À partir de 1936, le secrétariat du Parti Communiste Français (PCF) publie un répertoire qui centralise les listes noires (terme utilisé par le PCF lui-même) – jusque-là éparses – d’individus dénoncé comme escrocs, voleurs, agents de la police, provocateurs, trotskystes (tous termes mis sur le même plan), etc., listes assez souvent accompagnée de la photo des intéressés.
Nous publions ci-après les premières pages d’une brochure de seize pages qui reproduit une partie de ces listes[1]. Cette brochure a trois caractéristiques : elle ne porte aucune indication d’origine, aucune indication d’imprimeur, aucune indication de date. Il s’agit d’une publication « secrète », destinée à être diffusée sous le manteau. Sa seule marque de fabrique est la référence à Staline qui figure dans le texte publié en avant-dernière page. En dehors de cela, elle est parfaitement anonyme. On voit que même avant les réseaux sociaux, la diffamation anonyme était déjà monnaie courante…
Nous en reproduisons plusieurs pages pour donner une idée des méthodes de la calomnie stalinienne. Aujourd’hui la plupart des noms qui y figurent nous sont inconnus. Il est possible, voire probable, que parmi eux qui figurent à la rubrique « escroc » ou « voleur » on trouve des individus qui ont essayé d’abuser la bonne foi des militants. D’ailleurs la presse libertaire de l’époque signale régulièrement des manipulateurs qui abusent de la générosité des compagnons pour leur extorquer de l’argent au nom de la solidarité. Mais il n’y a pas chez les libertaires de liste secrète, tout est public et ouvert. Par contre, il est quasi certain que les individus désignés comme « provocateurs » sont en fait listés pour leur positionnement politique d’opposition au Parti Communiste, que ce soit d’anciens militants communistes exclus pour avoir émis des doutes sur la ligne stalinienne du Parti, ou qu’ils soient militants trotskistes (ainsi Jean Arrigonni désigné comme tel) ou anarchistes, comme Marguerite Aspès. Marguerite a été listée dès sa présence en Algérie en 1930, figurant dès la troisième des listes noires et y persistait de façon continue plus de 5 ans après et son installation en France.

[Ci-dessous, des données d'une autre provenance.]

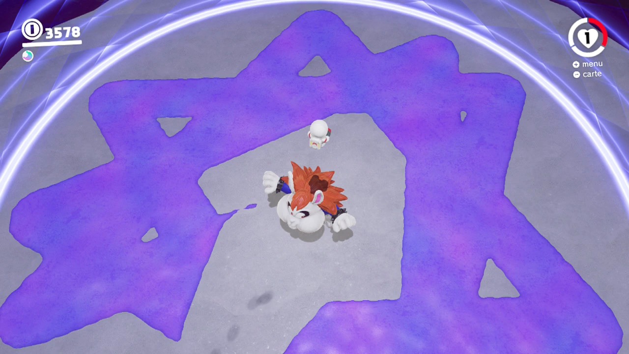 Ensuite, c’est le tour d’Harriet. Le vrai danger du boss vient des flaques de lave qu’elle laisse au sol après l’explosion de ses bombes. Pour infliger des dégâts rapidement, restez près d’elle et reculez quand elle vous lance ses bombes. Lancez Cappy sur la bombe en prenant soin de bien se positionner pour lui renvoyer. Sautez lui ensuite sur la tête pour la blesser.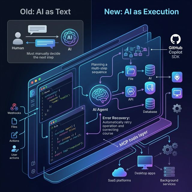 With the Copilot SDK approach, execution becomes an application-layer capability: the system listens for an event (file change, deployment trigger, user action) → invokes AI programmatically → the planning and execution loop runs inside your product.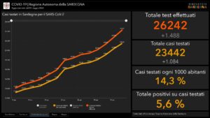 Sono 18 i nuovi casi positivi al Covid-19 riscontrati in Sardegna su 1.488 tamponi eseguiti. 1 decesso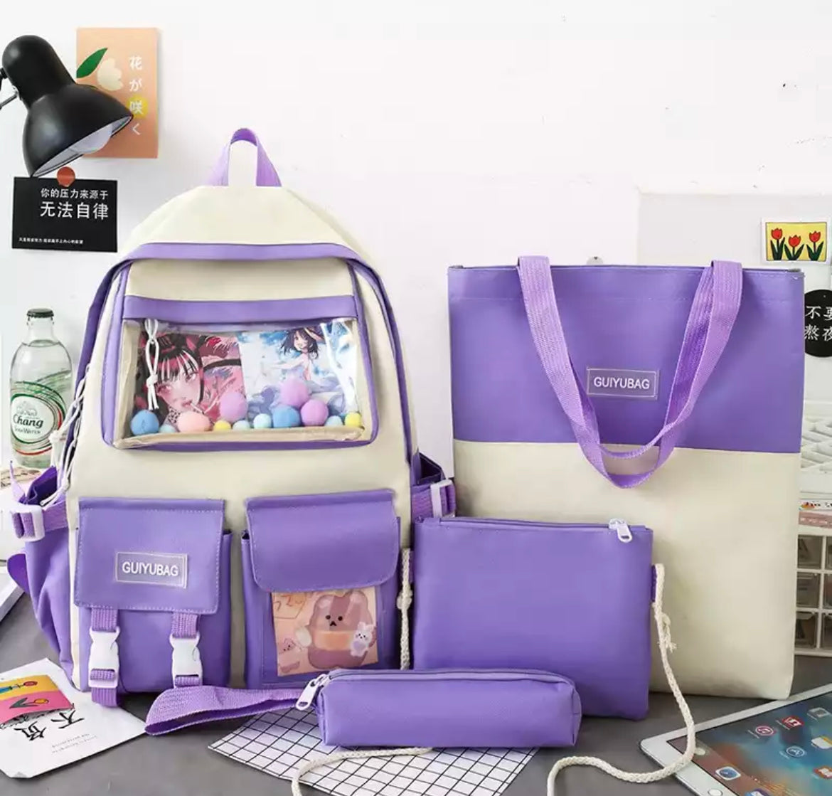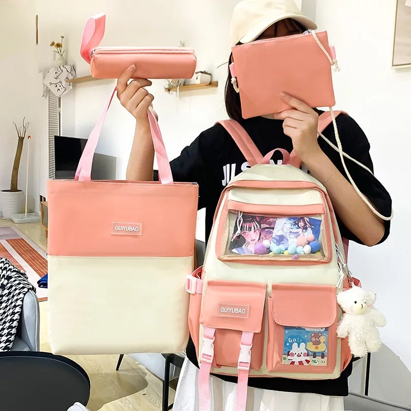 Conjunto de 4 unids/set de mochilas de lona para mujer, morral escolar para chicas adolescentes, mochila de viaje para estudiantes, mochila para ordenador portátil KAWAI MOD 314/406/2012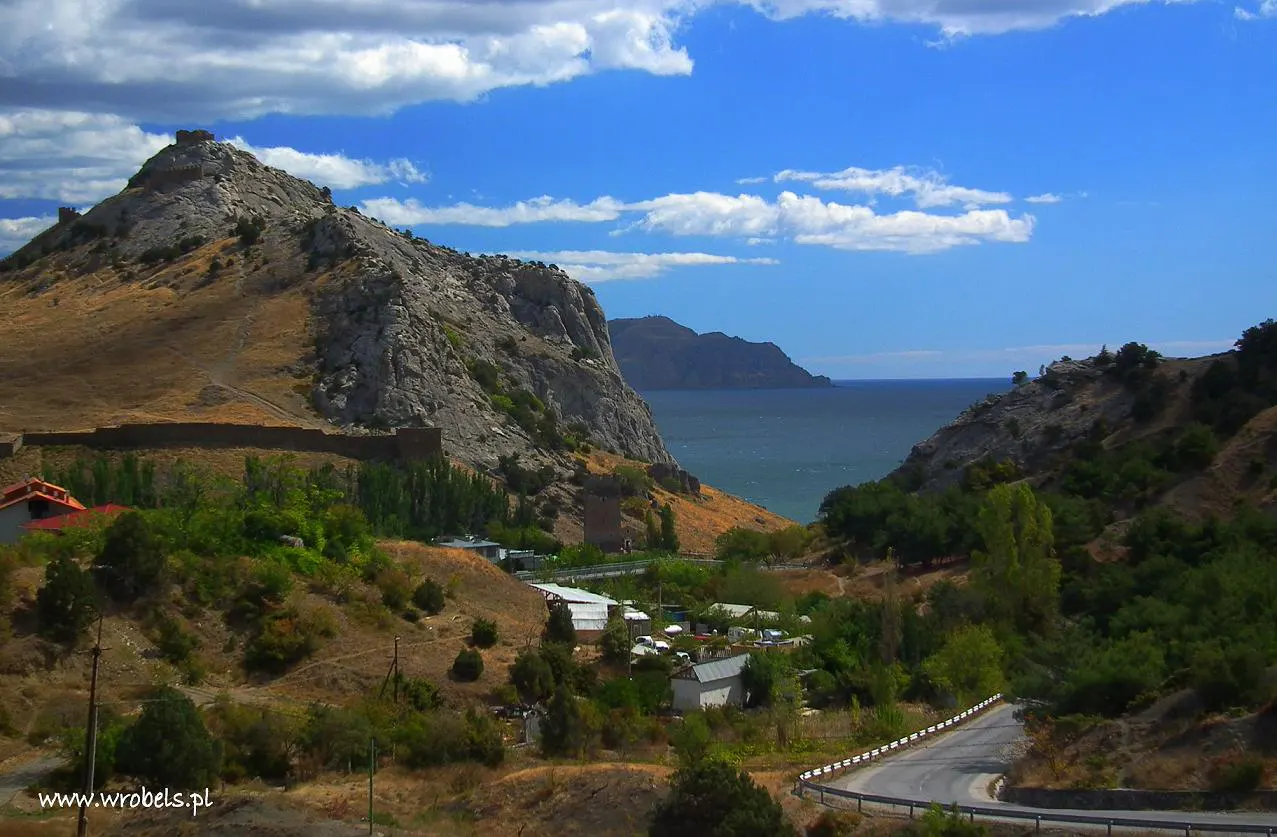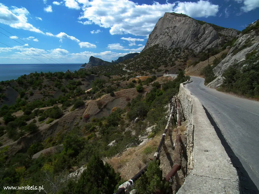 Zanim znaleźliśmy się w Nowym Świecie musieliśmy pokonać – jak się okazało ostatni tak długi podczas tej podróży – odcinek, który łączył Novy Svet z Sudakiem. Należy dodać, że droga, którą maszerowaliśmy usytuowana jest niezwykle urokliwie. 8 kilometrów zakrętów, wzniesień, zejść – szło się spokojnie, choć trzeba przyznać, że słoneczko tego dnia nas nie oszczędzało, jednakże nie marudziliśmy, mając na uwadze przednie widoczki i gdzieś tam w nieodległej przyszłości orzeźwiającą kąpiel w morzu. Nie omieszkaliśmy również kilka razy się zatrzymać na trasie, wszak grzechem by było, gdybyśmy dali uciec fragmentom jedynego w swoim rodzaju pejzażów i nie uwiecznilibyśmy ich na zdjęciach. Przechadzka trwała, jak już wcześniej wspomniałem na zwykłej drodze (P35), w związku z tym co jakiś czas mijaliśmy się z autami osobowymi, marszrutkami czy też autobusami.
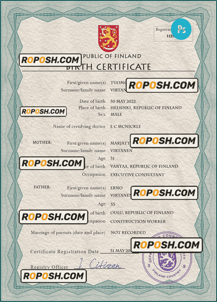 roposh offers hundreds of high-quality, realistic, and customizable birth certificates. The Finland birth certificate template is fully fillable, and you can complete it with any information you wish, such as name, surname, birth date, place of birth and etc. Whether you are using our PSD template (a layer-based adobe photoshop file) or our PDF template (a Microsoft Office editable file) you will get a package with fonts included instantly. No need to worry even if you can’t generate realistic birth proof yourself, we offer reliable editing service with your desired information for an extra charge. Also, we are always online and here to help you experience a confident purchase. So, reach out!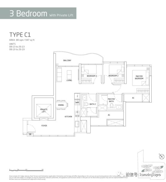 目前主推户型为三室一厅,使用面积88平方米(947英尺),最低价格$142.3万新币起。也许您很难想象,您只投资不到150万新币,就可以拥有一个配备有私人电梯的私人公寓,而且公寓的管理费也不高,确实是千载难逢的机会。户型南北走向,无西晒。客厅与餐厅分开,充分利用过道,并配备弧形阳台,宽敞明亮、豪华大气。三个房间均方方正正,并配备衣柜,其中一间还有弧形阳台。毋庸置疑,这是您的最佳选择,您可以选择自住,享受360度的视觉盛宴,乘坐私人电梯的超凡感觉,得天独厚的区域交通。您也可以选择出租,轻轻松松出租,获得可观的回报。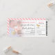 Elegant pink & gold wedding boarding pass with an rsvp section featuring a photo of the happy couple, a gold foil compass and plane, and a text template that is easy to personalise.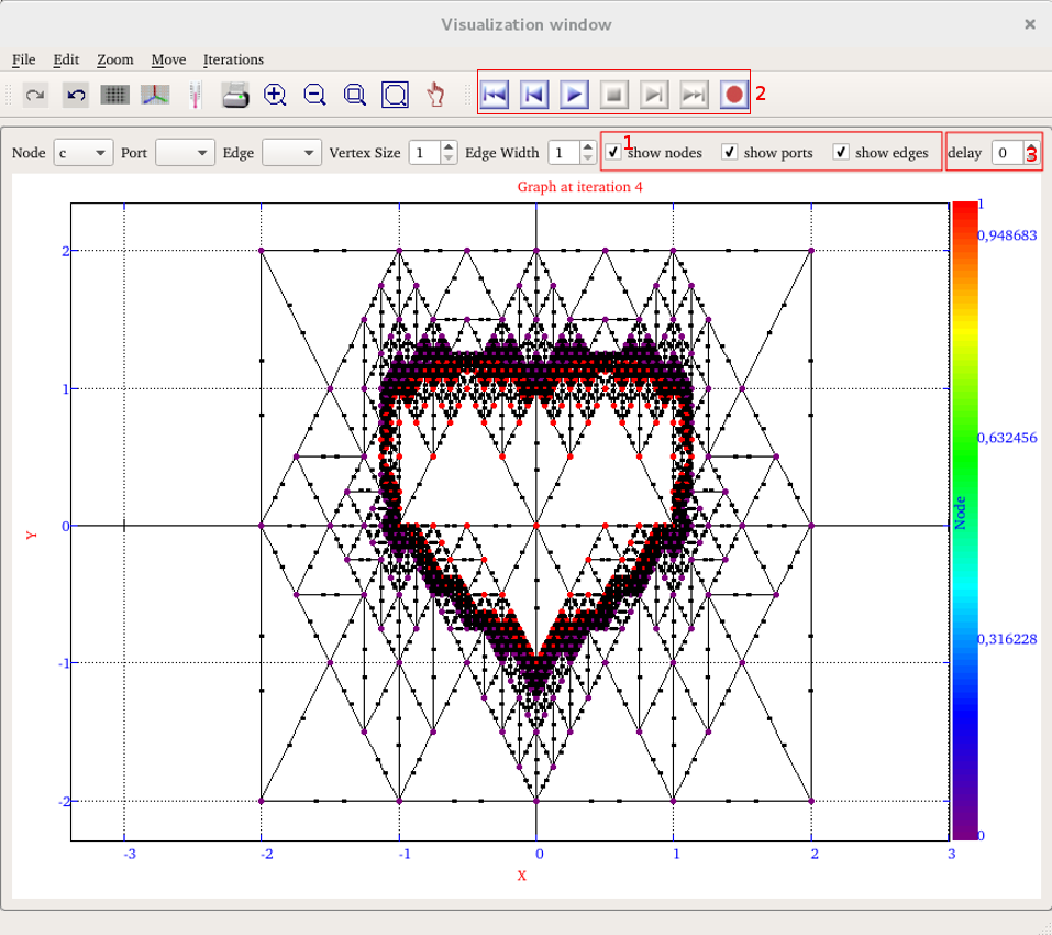 The visualization window enables to see the graph evolution over the iterations.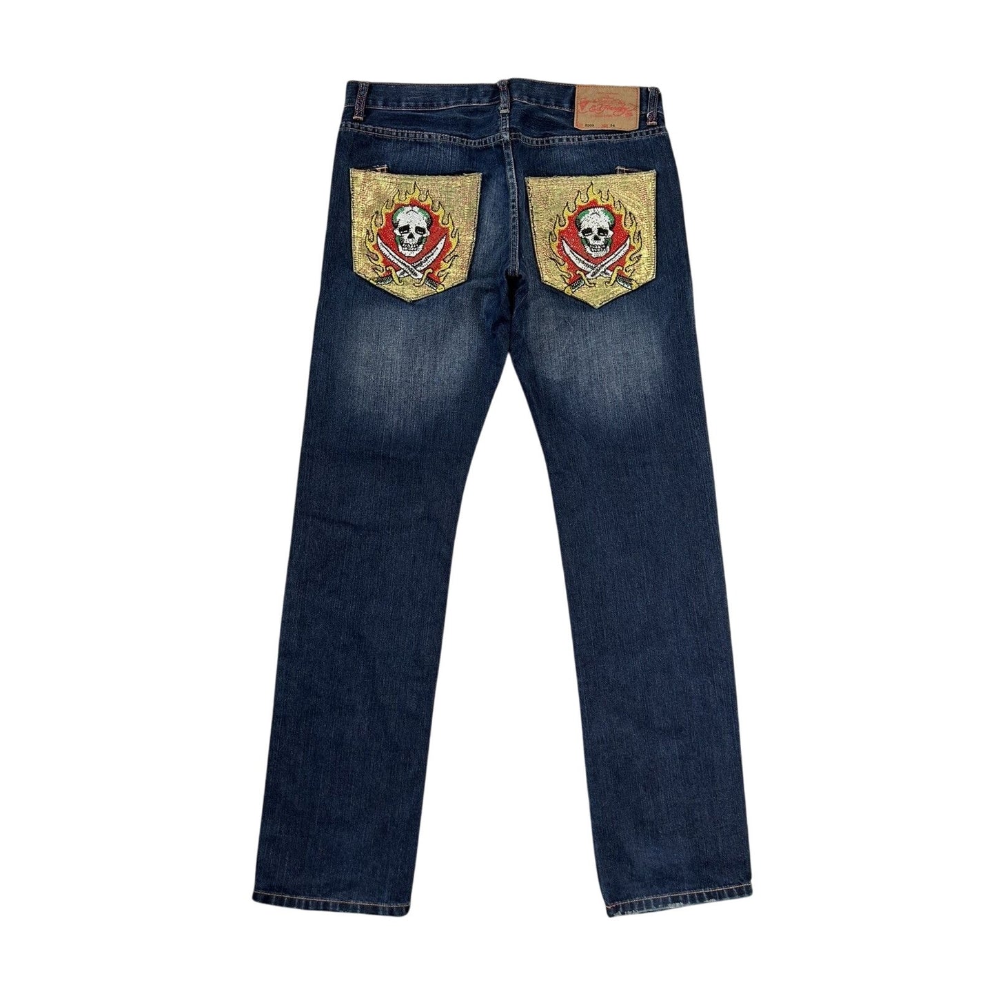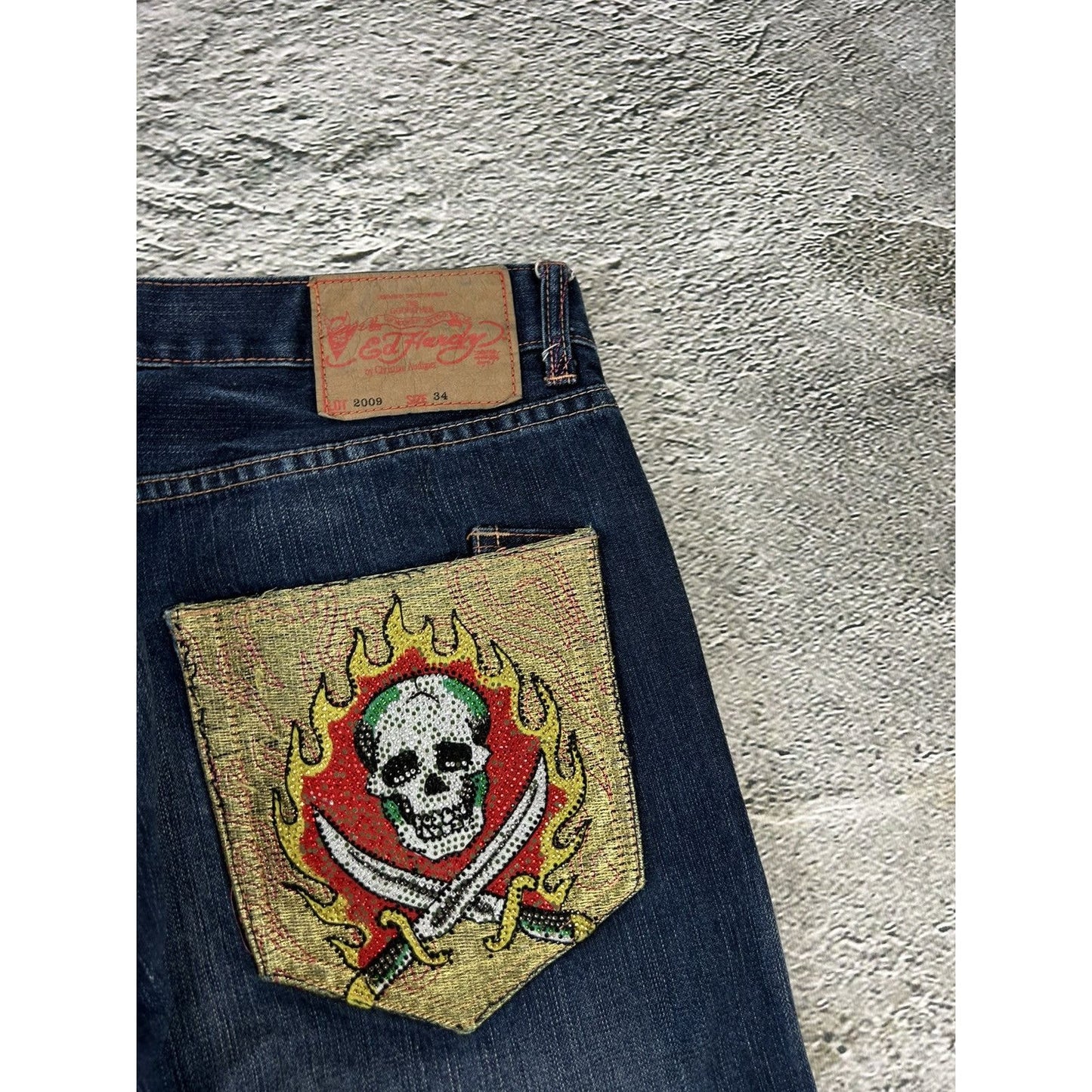 Ed Hardy Christian Audigier vintage jeans big logo pants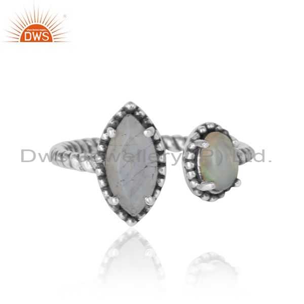 Oxidized Silver Twisted Ring with Rainbow Moonstone Ethiopian Opal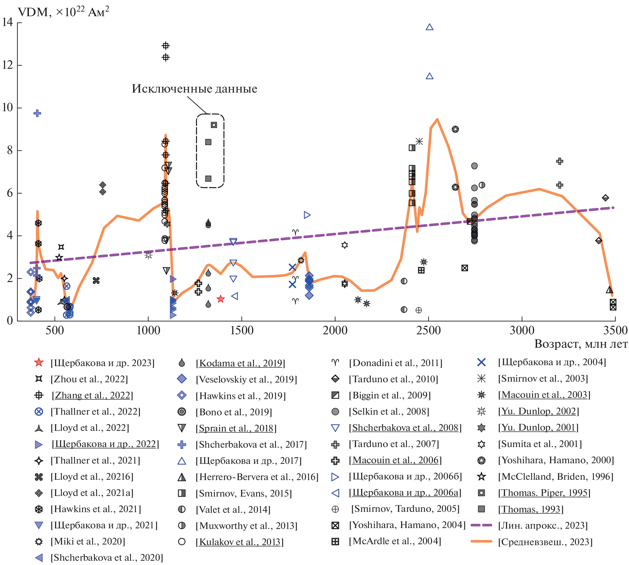 - Valet J.-P., Besse J., Kumar A., Vadakke-Chanat S., Philippe E. The intensity of the geomagnetic field from 2.4 Ga old Indian dykes // Geochemistry, Geophysics, Geosystems. 2014. V. 15. № 6. P. 2426–2437. https://doi.org/10.1002/2014gc005296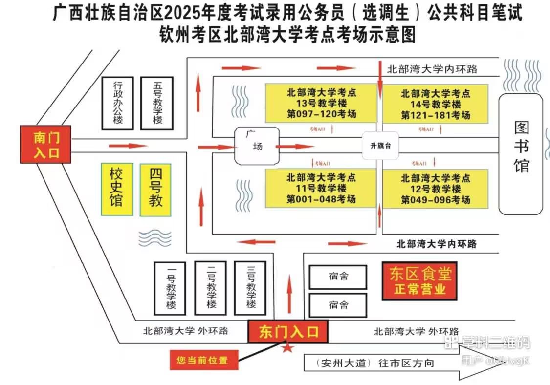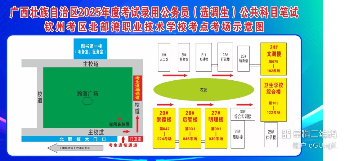 欽州考區(qū)共設(shè)兩個考點,分別為北部灣大學(xué)考點、北部灣職業(yè)技術(shù)學(xué)??键c。(考點地址和具體考場安排請掃附后的二維碼查看)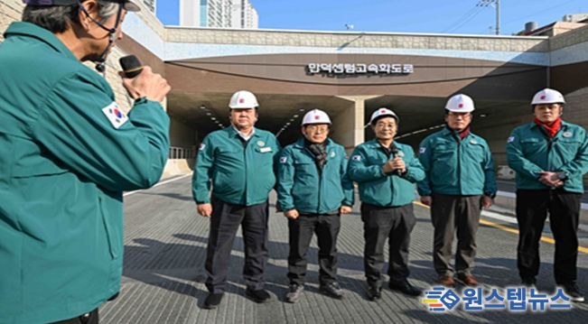 원스텝뉴스 이병희 기자 | 부산광역시의회 해양도시안전위원회(위원장 최도석)는 제333회 임시회를 앞두고 1월 23일, 다음 달 개통을 앞둔 내부순환(만덕~센텀) 도시고속화도로 건설 현장을 방문해 개통 준비 상황을 점검했다.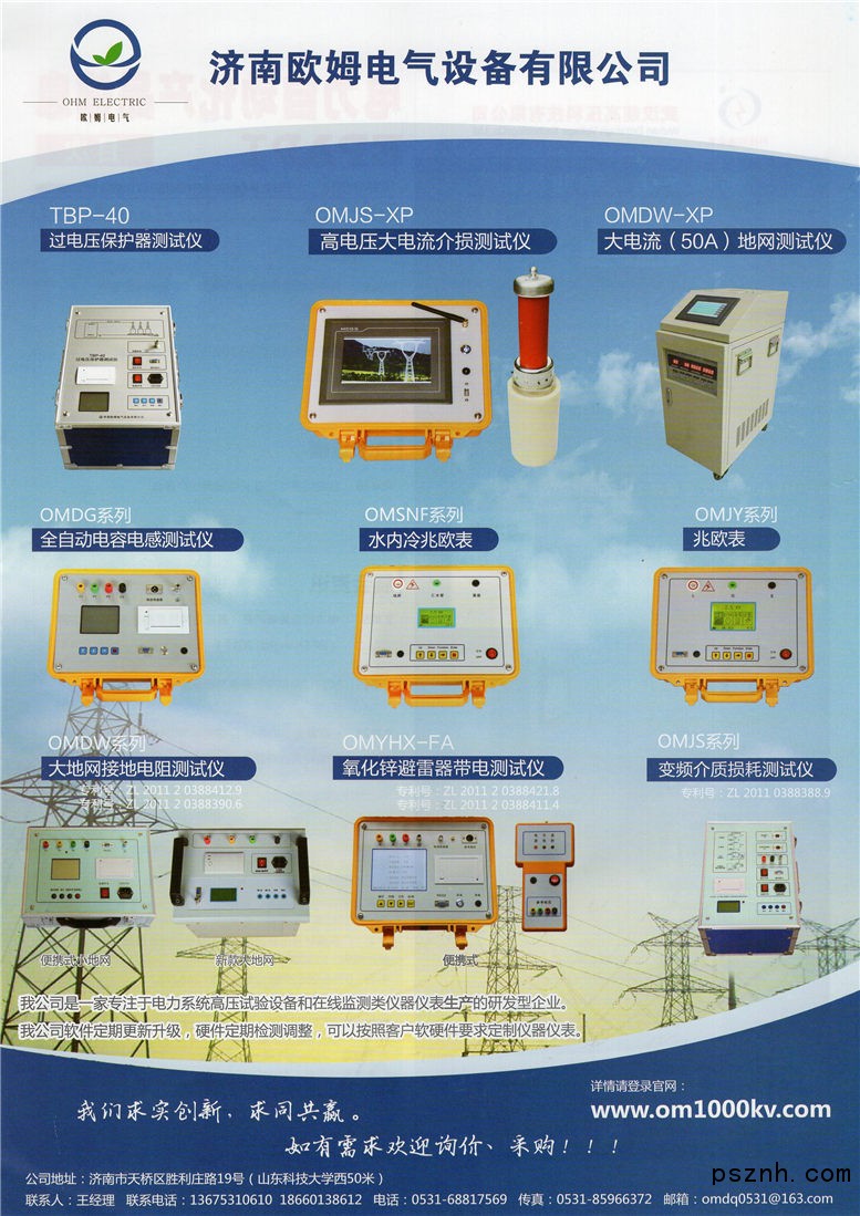 濟南歐姆電氣設(shè)備有限公司,簡稱:歐姆電氣。是一家專注于電力系統(tǒng)高壓試驗設(shè)備和在線監(jiān)測類儀器儀表生產(chǎn)的研發(fā)型企業(yè)。從2007年開始,公司專注于高壓檢測類儀器儀表研發(fā),主要為國內(nèi)知名企業(yè)從事OEM工作。2011年,公司借助自身先進(jìn)的技術(shù)力量和豐富的OEM經(jīng)驗,以高壓檢測設(shè)備生產(chǎn)為依托,以合作研發(fā)在線監(jiān)測類產(chǎn)品為契機,以嶄新的形象矗立于我國東方名城:泉城。目前,經(jīng)公司研發(fā)并且熱銷的產(chǎn)品有全自動精密介損測試儀,交直兩用型免拆線電容電感測試儀,無線傳輸型氧化鋅避雷器測試儀、異頻抗干擾大地網(wǎng)阻抗測試儀、5000V水內(nèi)冷兆歐表、智能型直流高壓發(fā)生器、容性設(shè)備在線測試儀、變壓器套管介損在線監(jiān)測、變壓器鐵芯接地在線監(jiān)測等。

Mais l’amalgame entre escrocs et militants politiques n’est pas suffisant pour les communistes pour calomnier leurs détracteurs. Il faut aussi utiliser un argument plus fort, politique. Ce sera l’argument imparable de l’antifascisme : ainsi les
« provocateurs trotskystes » sont désignés comme des « criminels de droit commun » et même « les agents sans scrupule du fascisme international », qui « réalisent leur ignoble besogne dans l’intérêt de leurs maîtres de Rome et de Berlin, (…), en masquant par tous les moyens leur véritable figure. » Dès lors on comprend qu’il n’y a pas de tâche plus importante et plus noble pour les militants communistes qui luttent contre le fascisme que de démasquer et même de « désarmer les ennemis », « qu’ils doivent combattre avec la plus ferme énergie ».
C’est donc la porte ouverte, au nom de la lutte contre le fascisme, à toutes les violences contre celles et ceux qui contestent le Parti Communiste.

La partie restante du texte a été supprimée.